About this exercise:
Each record below must be reproduced exactly as it reads, with its images omitted.

Input:
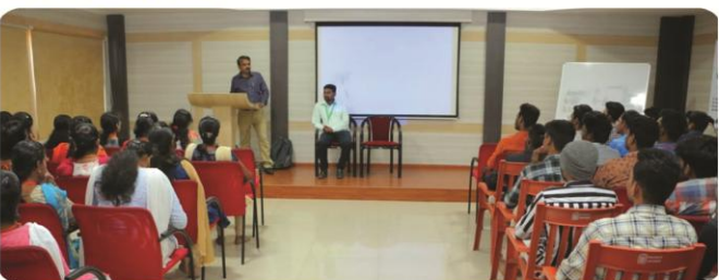
A One Day Workshop on "IOT Using Python" has been organized in association with SLN Technologies Chennai on 21 st February 2020
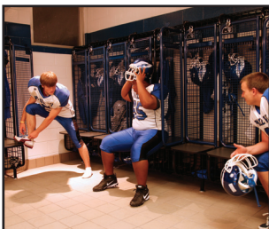
PAUL VI HIGH SCHOOL, HADDONFIELD, NJ WITH GRILLE DOOR OPTION
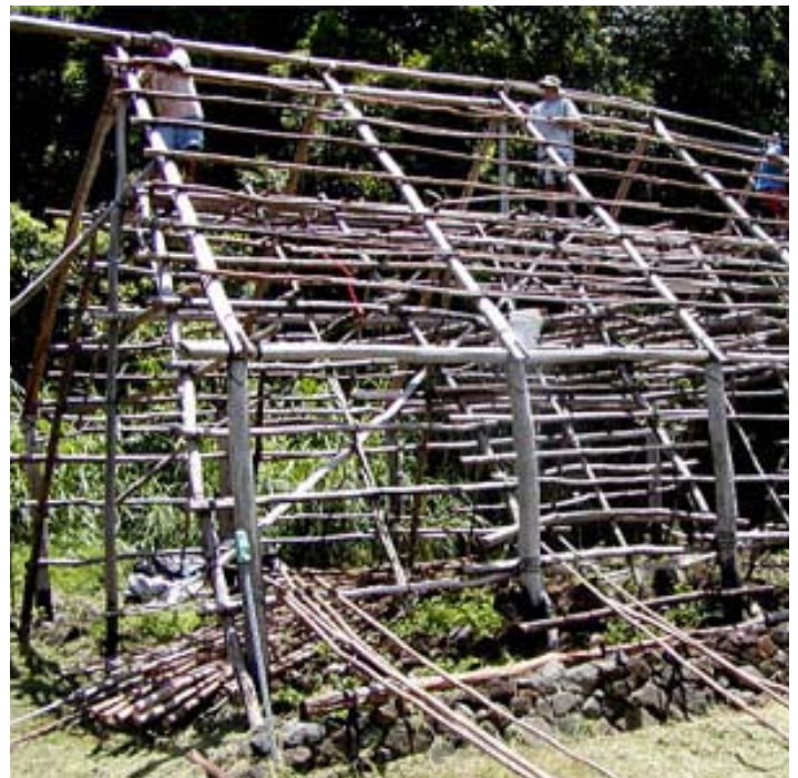
Hale Kutai under construction on Maui
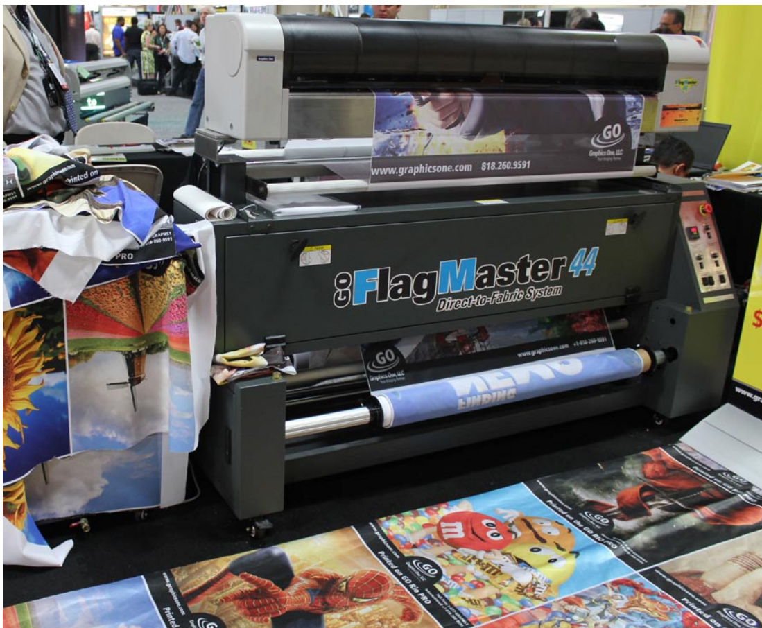
Graphics One Flagmaster 44" printer.
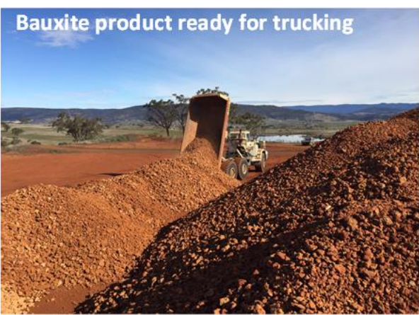
Figure 3: ABx supply chain operations from pit to mine stockpiles, blending, transport and stockpiling at Bell Bay Port.
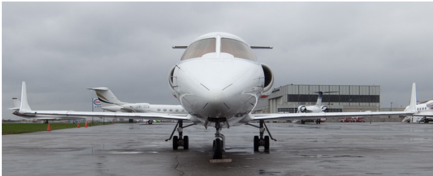
Exterior Profile & Nose

Specifications are subject to verification by purchaser. Aircraft is subject to prior sale, and/or removal from the market without prior notice.
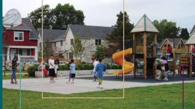
Through the use of compact development, the community preserved 12 acres of open space.

Response to the exercise:
A One Day Workshop on "IOT Using Python" has been organized in association with SLN Technologies Chennai on 21 st February 2020
PAUL VI HIGH SCHOOL, HADDONFIELD, NJ WITH GRILLE DOOR OPTION
Hale Kutai under construction on Maui
Graphics One Flagmaster 44" printer.
Figure 3: ABx supply chain operations from pit to mine stockpiles, blending, transport and stockpiling at Bell Bay Port.
Exterior Profile & Nose

Specifications are subject to verification by purchaser. Aircraft is subject to prior sale, and/or removal from the market without prior notice.
Through the use of compact development, the community preserved 12 acres of open space.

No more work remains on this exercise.